FieldTypeRequiredDefaultDescription
locationstringSearch location (e.g. "Miami Beach, FL")
check_instringCheck-in date (YYYY-MM-DD)
check_outstringCheck-out date (YYYY-MM-DD)
max_listingsinteger50Max listings to scrape (1–1,000)
include_detailsbooleanfalseFetch amenities, description, house rules, lat/lng
include_availabilitybooleanfalseFetch availability status and min/max stay
include_reviewsbooleanfalseFetch review summary, category scores, and up to 5 anonymized recent reviews per listing

Example: Fast market scan

{
"location": "Miami Beach, FL",
"check_in": "2026-12-20",
"check_out": "2026-12-27",
"max_listings": 100
}

Example: Full investment research

{
"location": "Austin, Texas",
"check_in": "2026-07-01",
"check_out": "2026-07-07",
"max_listings": 50,
"include_details": true,
"include_availability": true,
"include_reviews": true
}

Location query tips

Use the most specific location name possible:

QueryResult
"Miami Beach, FL"✅ Miami Beach, Florida, USA
"Austin, Texas"✅ Austin, TX, USA
"London, England, United Kingdom"✅ London, UK
"Melbourne, Victoria, Australia"✅ Melbourne, Australia
"Cancun, Quintana Roo, Mexico"✅ Cancún, Mexico

💡 For ambiguous queries like "London" or "Melbourne", non-US matches are preferred. Add the state/country to get a specific US city.

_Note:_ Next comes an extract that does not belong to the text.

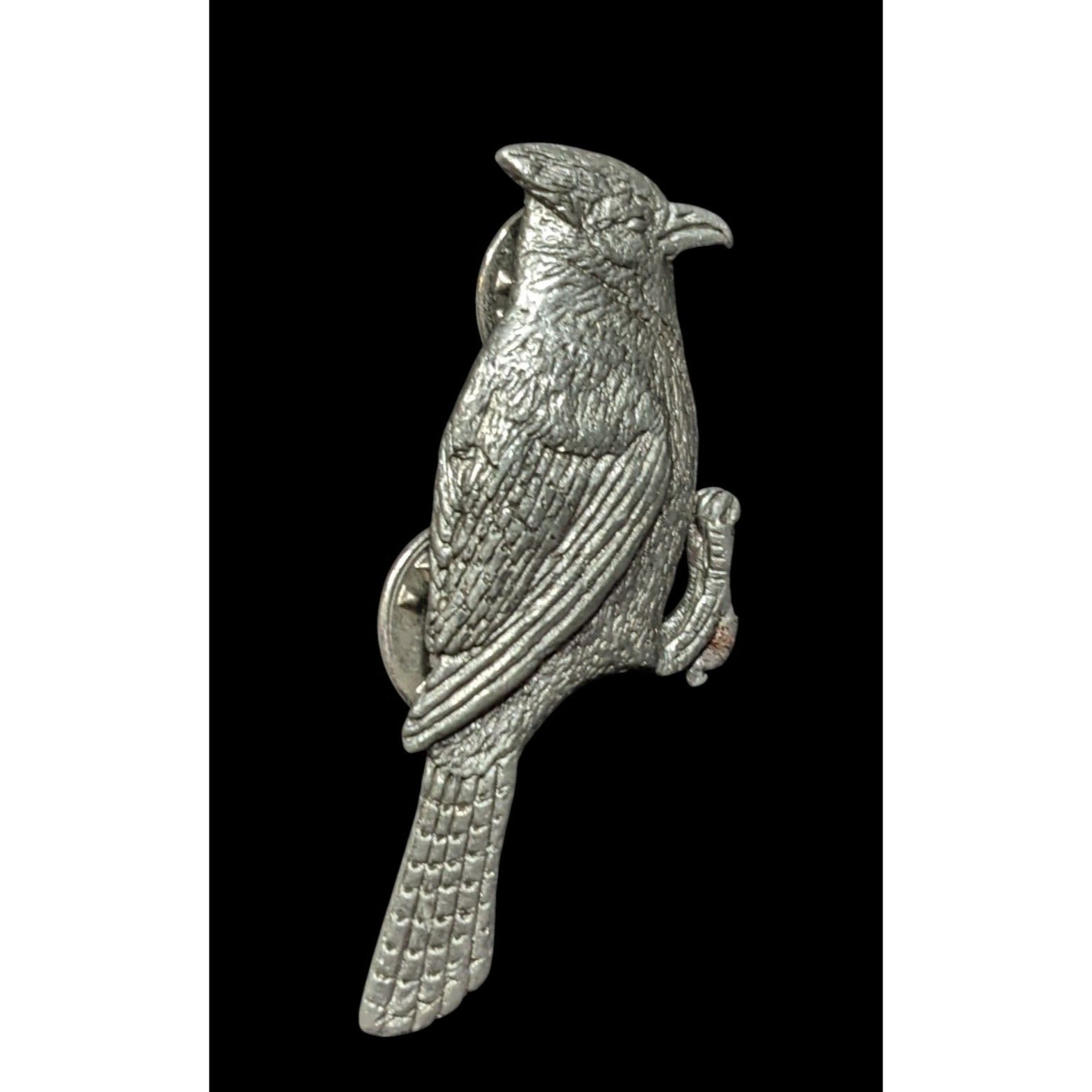 This vintage 1992 GG Harris Fine Pewter Blue Jay lapel pin is a collectible piece, perfect for bird lovers and pin enthusiasts. Its detailed craftsmanship captures the beauty of the Blue Jay, making it a timeless accessory.

Neighborhood and POI queries are also supported — e.g. "Queens", "Manhattan", "SoHo" — and will resolve correctly even though VRBO returns them as NEIGHBORHOOD rather than CITY geo types.


Output example

You can download the dataset extracted by VRBO Scraper in various formats such as JSON, CSV, HTML, or Excel.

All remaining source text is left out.